Source data:
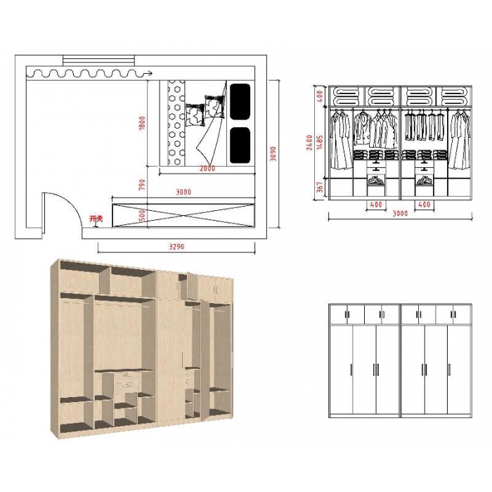 客户需求:1、材料厚度18mm,2、带四根挂衣杆。3、抽屉带独立锁。4、要求结实耐用。
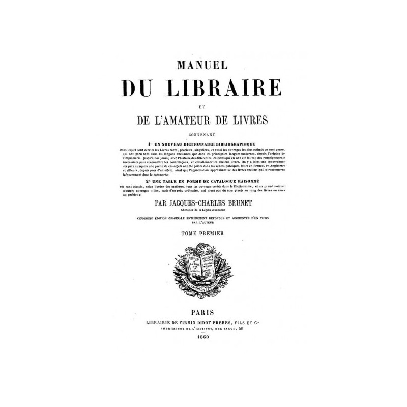 La obra de Mr Brunet es tan indispensable al bibliógrafo como el martillo al carpintero ,el yunque al herrero, y la azada al labrador : no es por tanto extraño que sea la primera que adquiere quien trata de formar una biblioteca en cualquiera de los ramos del saber humano, y la que continuamente consulte mientras conserve alguna afición a los libros . – Sorprende y maravilla como un hombre solo, sin más auxilios que su estudio, laboriosidad y manía, ha podido llegar a coordinar un repertorio tan precioso s la prueba más patente de los prodigios a que alcanza una fuerza de voluntad sostenida por más de sesenta años .– Mr Brunet ha tenido la buena idea de incluir en su manual solamente las obras clásicas y raras en casi todas las lenguas antiguas y modernas , y por eso son muy necios los que sin atender a estas circunstancias califican de singulares o notables todas aquellas no citadas en él, cuando la mayor parte de las veces esta falta solo indica ser el libro tan común y su valor tan ínfimo, que no ha merecido ocupar un lugar al lado de las joyas u obras útiles é interesantes descritas en el índice. También me dan lástima los que toman por tipo en sus adquisiciones o ventas los precios designados en el catálogo de Brunet, cuando este los saca de los de algunas almonedas , sin tomar en cuenta lo mucho que influye en estos casos el amor propio picado de dos o tres contrincantes adinerados; la belleza o encuadernación del libro; el haber pertenecido a algún sujeto distinguido , el gusto o la moda dominante en aquella época ; la falta de conocimientos de los presentes; algún defecto encontrado en el volumen en el acto de enajenarse , sin estar anotado en el Catálogo , y en varias ocasiones hasta las circunstancias políticas . Solo así puede explicarse la disparidad de valores que se dan a muchísimas obras .
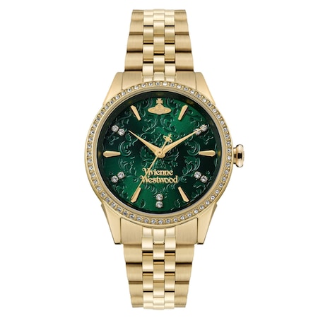 The Little Wallace watch is named after the infamous Wallace Collection in London, recalling Vivienne's admiration for art. The piece offers a green jacquard-etched dial, inspired by Jean-Honoré Fragonard’s 'The Swing', a masterpiece housed within the collection, complete with a gold-toned metal bracelet and Swarovski crystal details.
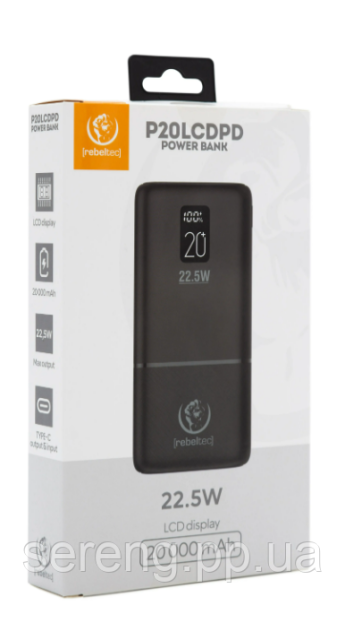 Технические характеристики внешнего аккумулятора Rebeltec P20 LCDPD 20000 мАч 22,5 Вт Black
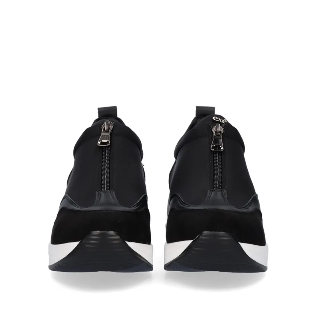 Sapatilha Com Cunha De 6 Cm Em Preto. Seu Corte E Palmilha Sao Feitos De Material Textil, A Sola E Feita De Material Sintetico. Tem Um Fecho Com Fecho De Correr.
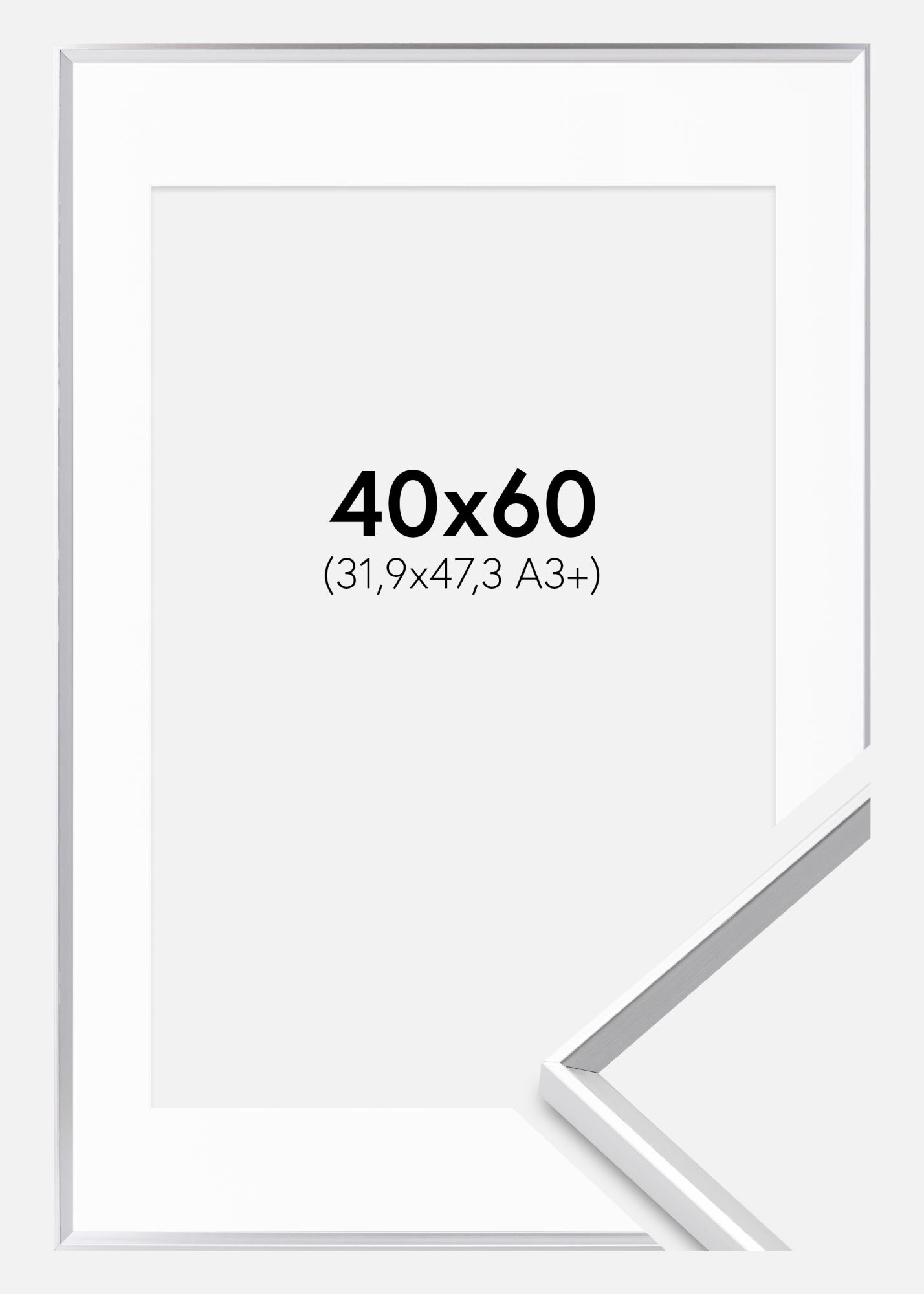 Rahmen Desire Silber 40x60 cm - Passepartout Weiß 32,9x48,3 cm (A3+)

▶ **WHAT YOU HAVE TO DO**
The required result is an exact copy of the lines from the line containing "Технические характеристики внешнего" through the end of the entries, with every picture left out.

▶ **WRITTEN ANSWER**
 Технические характеристики внешнего аккумулятора Rebeltec P20 LCDPD 20000 мАч 22,5 Вт Black
 Sapatilha Com Cunha De 6 Cm Em Preto. Seu Corte E Palmilha Sao Feitos De Material Textil, A Sola E Feita De Material Sintetico. Tem Um Fecho Com Fecho De Correr.
 Rahmen Desire Silber 40x60 cm - Passepartout Weiß 32,9x48,3 cm (A3+)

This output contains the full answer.